■ **What you are asked to do**: Copy every entry exactly, but skip the pictures.

■ **Material for this task**:
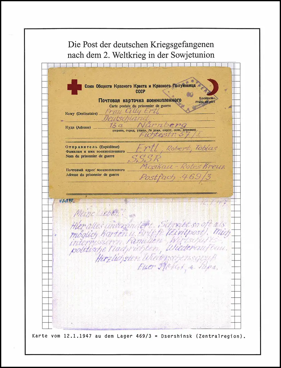 Poste de prisonniers de guerre Camp 469/ 3 Dzerjinsk URSS vers Nuremberg du 12.1.1947
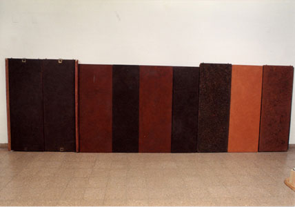 All Entrances, 156x59x3 cm, 9 wooden wardrobe doorsm various types of soil, 1997 - 1998
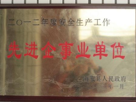 公司緊緊圍繞“安全生產第一”的理念,安全生產常抓不懈,建廠以來為零事故。2012年度被海安縣人民政府授予安全生產“先進企事業單位”。
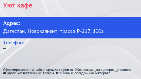 Уют, кафе по адресу Дагестан, Новокаякент, трасса Р-217, 100а в дальнейшем Организация, размещена в следующих категориях:
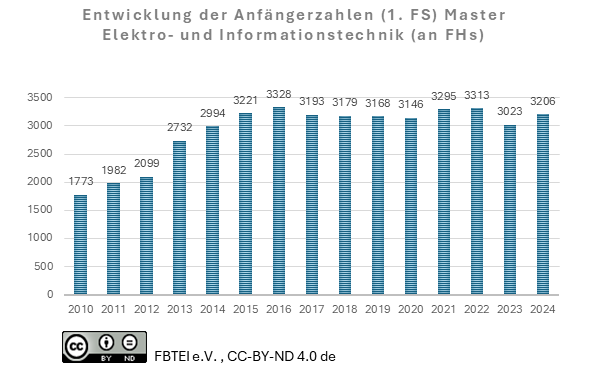 Im Jahr 2024 haben insgesamt 8.401 Studierende ein Bachelorstudium der Elektro- und Informationstechnik begonnen (1. Hochschulsemester). Die Änderungen gegenüber dem Vorjahr (8426 Studierende) sind nicht signifikant. Damit bestätigt sich die bereits im Jahr 2023 beobachtete Stabilisierung der Anfängerzahlen, wenngleich das Niveau weiterhin unterhalb früherer Höchststände liegt.
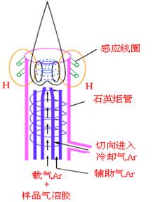 炬管由三層同軸石英管組成,最外層石英管通冷卻氣(Ar氣),沿切線方向引入,并螺旋上升,其作用:將等離子體吹離外層石英管的內(nèi)壁,可保護(hù)石英管不被燒毀;同時(shí),這部分Ar氣同時(shí)也參與放電過程。中層石英管通入Ar氣(工作氣體),起維持等離子體的作用。內(nèi)層石英管內(nèi)徑為1 -2mm左右,以Ar為載氣,把經(jīng)過霧化器的試樣溶液以氣溶膠形式引入等離子體中。
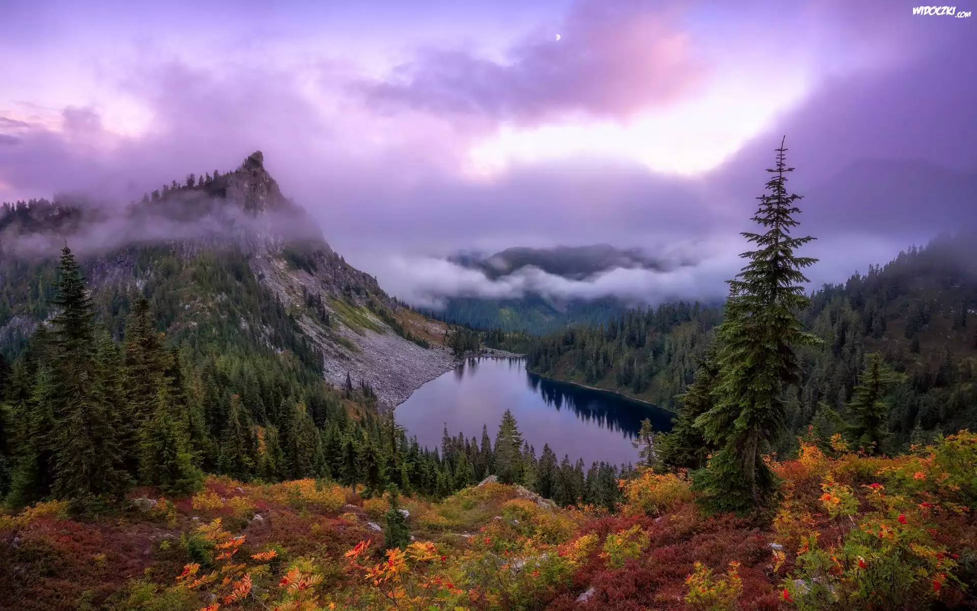 Jezioro, Lake Valhalla, Góry Kaskadowe, Drzewa, Zieleń, Mgła, Chmury, Stan Waszyngton, Stany Zjednoczone |
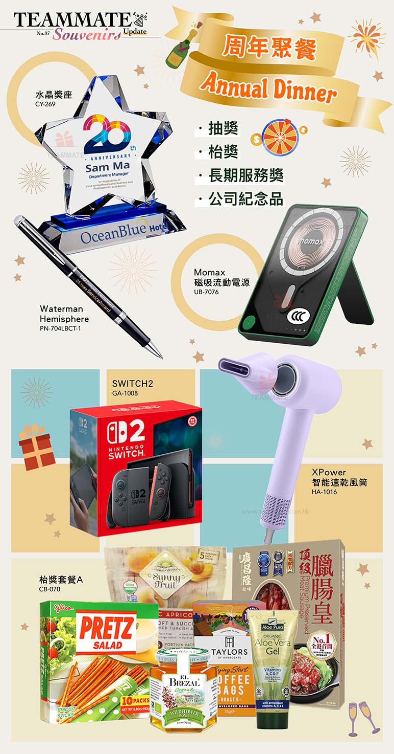 Annual Dinner 年度聚餐,令人期待的時刻!所以令到負責籌備嘅同事又開心又傷腦筋。今期我哋系列特別準備不同產品,為公司機構提供一系列Annual Dinner 所需用的禮品及禮物。有新奇刺激又有睇頭適合大抽獎嘅禮物、每人都有份嘅枱獎禮物、仲有頒發員工長期服務獎及表現優秀獎,一系列豐富而且吸引嘅獎品及禮物,令你眼前一亮。
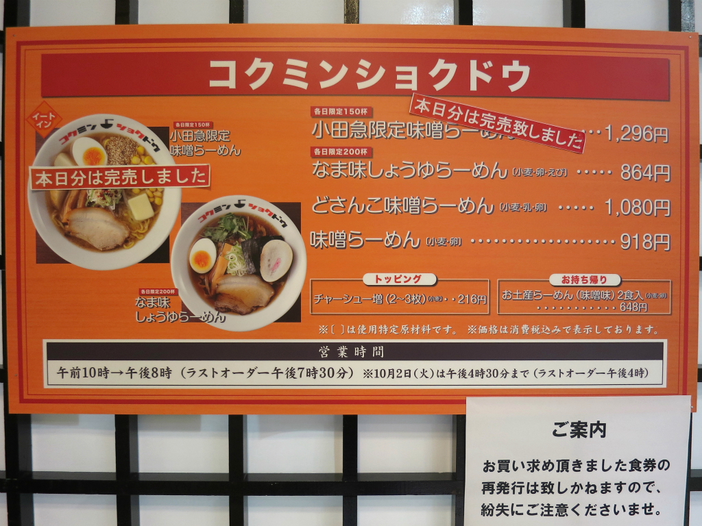 札幌のラーメン店主が選ぶ美味しいラーメン店という、国民食堂改め「コクミンショクドウ」が小田急新宿店催事に出店。
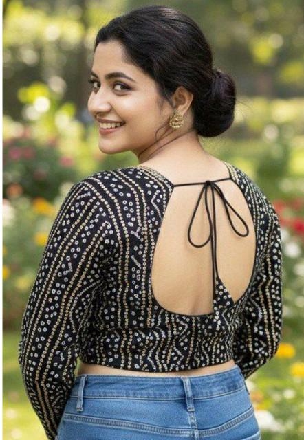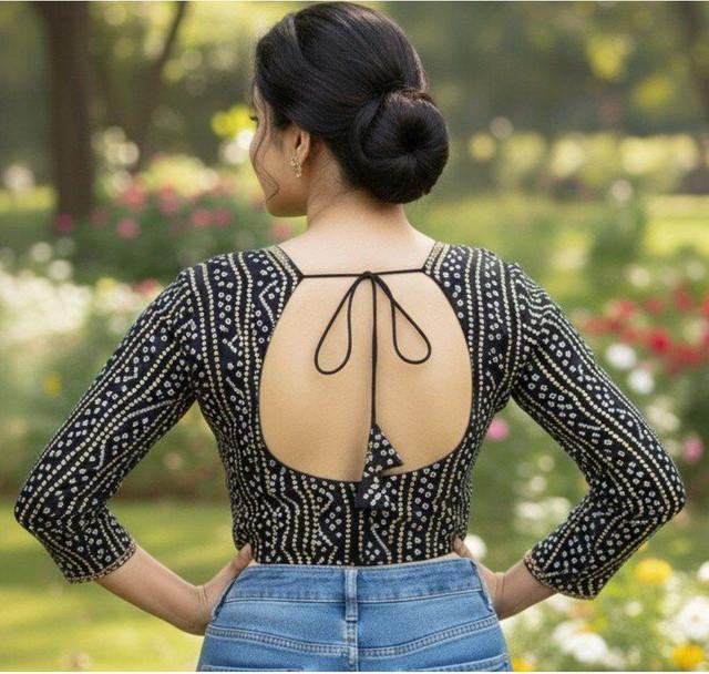 Generic Women's Rayon Sabyasachi Style Round Neck Padded Blouse (Black, 38 Ready Size (Self-Alterable 36–40)

■ **Your solution**:
 Poste de prisonniers de guerre Camp 469/ 3 Dzerjinsk URSS vers Nuremberg du 12.1.1947
 All Entrances, 156x59x3 cm, 9 wooden wardrobe doorsm various types of soil, 1997 - 1998
 公司緊緊圍繞“安全生產第一”的理念,安全生產常抓不懈,建廠以來為零事故。2012年度被海安縣人民政府授予安全生產“先進企事業單位”。
 Уют, кафе по адресу Дагестан, Новокаякент, трасса Р-217, 100а в дальнейшем Организация, размещена в следующих категориях:
 Im Jahr 2024 haben insgesamt 8.401 Studierende ein Bachelorstudium der Elektro- und Informationstechnik begonnen (1. Hochschulsemester). Die Änderungen gegenüber dem Vorjahr (8426 Studierende) sind nicht signifikant. Damit bestätigt sich die bereits im Jahr 2023 beobachtete Stabilisierung der Anfängerzahlen, wenngleich das Niveau weiterhin unterhalb früherer Höchststände liegt.
 炬管由三層同軸石英管組成,最外層石英管通冷卻氣(Ar氣),沿切線方向引入,并螺旋上升,其作用:將等離子體吹離外層石英管的內(nèi)壁,可保護(hù)石英管不被燒毀;同時(shí),這部分Ar氣同時(shí)也參與放電過程。中層石英管通入Ar氣(工作氣體),起維持等離子體的作用。內(nèi)層石英管內(nèi)徑為1 -2mm左右,以Ar為載氣,把經(jīng)過霧化器的試樣溶液以氣溶膠形式引入等離子體中。
 Jezioro, Lake Valhalla, Góry Kaskadowe, Drzewa, Zieleń, Mgła, Chmury, Stan Waszyngton, Stany Zjednoczone |
 Annual Dinner 年度聚餐,令人期待的時刻!所以令到負責籌備嘅同事又開心又傷腦筋。今期我哋系列特別準備不同產品,為公司機構提供一系列Annual Dinner 所需用的禮品及禮物。有新奇刺激又有睇頭適合大抽獎嘅禮物、每人都有份嘅枱獎禮物、仲有頒發員工長期服務獎及表現優秀獎,一系列豐富而且吸引嘅獎品及禮物,令你眼前一亮。
 札幌のラーメン店主が選ぶ美味しいラーメン店という、国民食堂改め「コクミンショクドウ」が小田急新宿店催事に出店。
 Generic Women's Rayon Sabyasachi Style Round Neck Padded Blouse (Black, 38 Ready Size (Self-Alterable 36–40)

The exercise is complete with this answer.